To calculate the surface area of a right triangular prism, we need to consider the areas of each of its faces.
First, let's calculate the area of the two triangular bases. The formula for the area of a triangle is 1/2 * base * height.
Since the prism is right-angled, the base and height of the triangle are equal to the two sides perpendicular to each other.
Area of a triangle = 1/2 * base * height = 1/2 * 15 ft * 15 ft = 112.5 ft²
The prism has two triangular bases, so the total area of the bases is 2 * 112.5 ft² = 225 ft².
Next, we need to calculate the area of the three rectangular faces. The formula for the area of a rectangle is length * width.
The length of each rectangular face is equal to the height of the prism, which is 15 ft. The width of each face is equal to the side length, which is also 15 ft.

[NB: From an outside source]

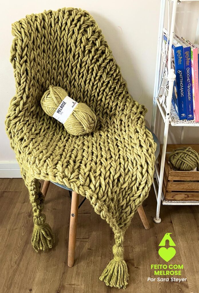 Acesse o passo a passo da manta em maxi tricô de dedo aqui.
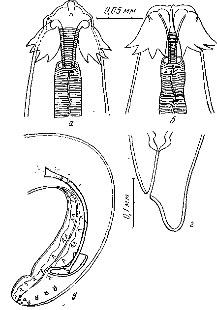 а — головной конец латерально; б — головной конец дорзально; в — задний конец самца; г — хвостовой конец самки

Area of a rectangle = length * width = 15 ft * 15 ft = 225 ft²
The prism has three rectangular faces, so the total area of the rectangular faces is 3 * 225 ft² = 675 ft².
Finally, to find the total surface area of the prism, we add the areas of the bases and the rectangular faces.
Total surface area = area of bases + area of rectangular faces = 225 ft² + 675 ft² = 900 ft²
Therefore, the surface area of the right triangular prism is 900 ft².
Calculate the surface area of a right triangular prism. Each edge length is 15 ft.
3 answers
Wrong
I apologize for the incorrect calculation earlier. Let's calculate the surface area of the right triangular prism correctly.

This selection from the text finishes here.